Re: [RFC PATCH 1/5] base: dma-mapping: Export commonly used symbols

Tomasz Figa <tfiga@xxxxxxxxxxxx> · Thu, 6 Jul 2017 17:34:25 +0900

On Thu, Jul 6, 2017 at 5:26 PM, Arnd Bergmann <arnd@xxxxxxxx> wrote:
> On Thu, Jul 6, 2017 at 3:44 AM, Tomasz Figa <tfiga@xxxxxxxxxxxx> wrote:
>> On Thu, Jul 6, 2017 at 2:20 AM, Christoph Hellwig <hch@xxxxxx> wrote:
>>> On Thu, Jul 06, 2017 at 12:22:35AM +0900, Tomasz Figa wrote:
>
>>> In general I think moving dma
>>> ops and iommu implementations into modules is a bad idea
>>
>> Could you elaborate on this? I'd be interested in seeing the reasoning
>> behind this.
>>
>>> but I
>>> don't want to reject the idea before seeing the code.  Or maybe
>>> by looking at the user we can come up with an even better idea
>>> to solve the original issue you're trying to solve, so please also
>>> explain your rationale.
>
> I had pretty much the same thoughts here.
>
>> Basically we have an x86 platform with a camera subsystem that is a
>> PCI device, has its own MMU and needs cache maintenance. Moreover, the
>> V4L2 subsystem, which is the right place for camera drivers, heavily
>> relies on DMA mapping as a way to abstract memory allocation, mapping
>> and cache maintenance. So it feels natural to me to hide the hardware
>> details (additional cache maintenance, mapping into the built-in
>> IOMMU) in the DMA mapping ops for this camera subsystem and simply
>> make V4L2 just work without knowing those details.
>
> I can understand your reasoning here, but I'm also not convinced
> that this is the best approach. There may be a middle ground somewhere
> though.
>
> Generally speaking I don't want to have to deal with the horrors of
> deciding whether an IOMMU is going to be there eventually or not
> at probe() time. At some point, we had decided that IOMMUs need to
> be initialized (almost) as early as irqchips and clocksources so we can
> rely on them to be there at device discovery time. That got pushed
> back already, and now we may have to deal with -EPROBE_DEFER
> when an IOMMU has not been fully initialized at device probe time,
> but at least we can reliably see if one is there or not. Making IOMMUs
> modular will add further uncertainty here. Obviously we cannot attach
> an IOMMU to a device once we have started using DMA mapping
> calls on it.

The hardware can only work with IOMMU and so the main module is highly
tied with the IOMMU module and it initialized it directly. There is no
separate struct driver or device associated with the IOMMU, as it's a
part of the one and only one PCI device (as visible from the system
PCI bus point of view) and technically handled by one pci_driver.

>
> For your particular use case, I would instead leave the knowledge
> about the IOMMU in the driver itself, like we do for the IOMMUs
> that are integrated in desktop GPUs, and have the code use the
> DMA mapping API with the system-provided dma_map_ops to
> get dma_addr_t tokens which you then program into the device
> IOMMU.
>
> An open question however would be whether to use the IOMMU
> API without the DMA mapping API here, or whether to completely
> leave the knowledge of the IOMMU inside of the driver itself.
> I don't have a strong opinion on that part, and I guess this mostly
> depends on what the hardware looks like.

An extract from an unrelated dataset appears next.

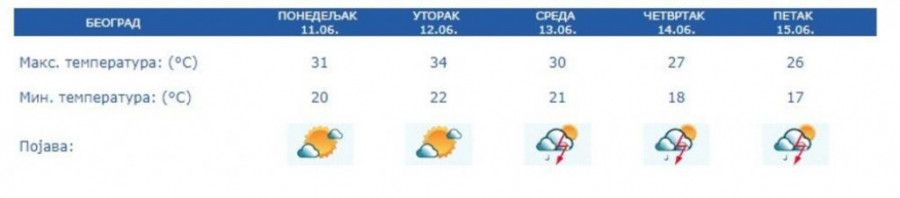 Ista je prognoza i za petak i subotu - temperature do preko 30 stepeni.

+ linux-media and some media folks

I'd say that this is something that has been consistently tried to be
avoided by V4L2 and that's why it's so tightly integrated with DMA
mapping. IMHO re-implementing the code that's already there in
videobuf2 again in the driver, only because, for no good reason
mentioned as for now, having a loadable module providing DMA ops was
disliked.

Similarly with IOMMU API. It provides a lot of help in managing the
mappings and re-implementing this would be IMHO backwards.

Best regards,
Tomasz